弁護士ブログ(日々の出来事)

2013年5月15日 水曜日

労働委員会の研修で水町教授の講演を聞く(その1)

 私は、福岡県労働委員会公益委員に任命されているが、今日(15日)、明日(16日)と九州地区の労働委員会連絡協議会が佐賀市で開かれている。その中で、15日に東京都労働委員会公益委員で東大社研の水町教授の講演を聞く機会に恵まれた。

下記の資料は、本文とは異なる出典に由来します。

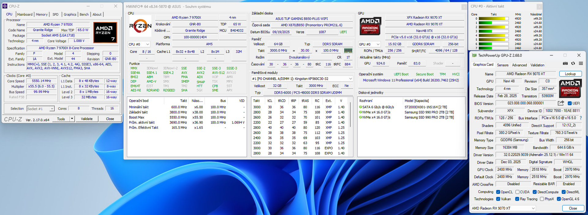 The performance of the AMD RX 9070 XT is incredible, better than the RTX 5070 Ti for less money. The XFX Gaming version of this GPU is quiet and cools very well, including VRAM, etc. Not a big surprise due to the massive cooler.
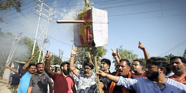 Rashtriya Bajrang Dal activist also joined the protesters and set ablaze an effigy of Pakistan to condemn the frequent target killings by terrorists in the valley.

 題目は、「労働審判利用者調査結果分析(全国)から労働委員会の役割を考える」というものであり、東大社研が、2011年の4か月間に全国で裁判所で実際に行われた労働審判の利用者(当然労使双方である)を対象にアンケート調査を行った結果(対象事件は約1000件であり、このうち、労働者側の3割、使用者側2割弱から回答を貰ったというアンケートの結果を分析したものである(結果の全体は、有斐閣から、2013年3月に「労働審判制度の利用者調査―実証分析と提言」という書名で出版されているということである。)。
 
 労働審判については、年間約3500件、そのうち7割が解雇や雇止めに関する事件であり、その95パーセントが金銭支払の形で解決されているという統計的なことは私も知っていた。利用者の意識として、労働審判の「売り」であった「迅速性」については「満足」、「専門性」については概ね肯定的にとらえられている、「適性性」については労使とも「法的な権利義務」の重視を希望している(安易な利益調整を求めているわけではない)という意識のようである。
 
 解雇や雇止めの事例で支払われる金額の水準は、労働局紛争調整委員会のあっせんよりは高く(一番多い中央値で100万円給与額の3、4か月分)で、裁判上の和解(中央値300万円給与額の15、6か月分)、判決(勝訴した場合)(中央地610万円給与額33,7か月分)とは相当に異なる(解雇が無効の場合、紛争解決が遅れるほど、使用者は支払わなければならない未払給与が毎月分増えることになる。)。
 
 ただそれだけではなく、解雇が無効ということは会社の解雇行為が違法であるということなので、そのような違法であるという評価を労働審判の場で考慮する(その点を解決金の増額で考慮する必要があるのではないかということであった―裁判上の和解や判決の金額が高いのは、期間が長いだけでなく、その点も考慮されているのではないかというのが、教授の意見であった。(長くなるので、後半は明日に続けることにする。)。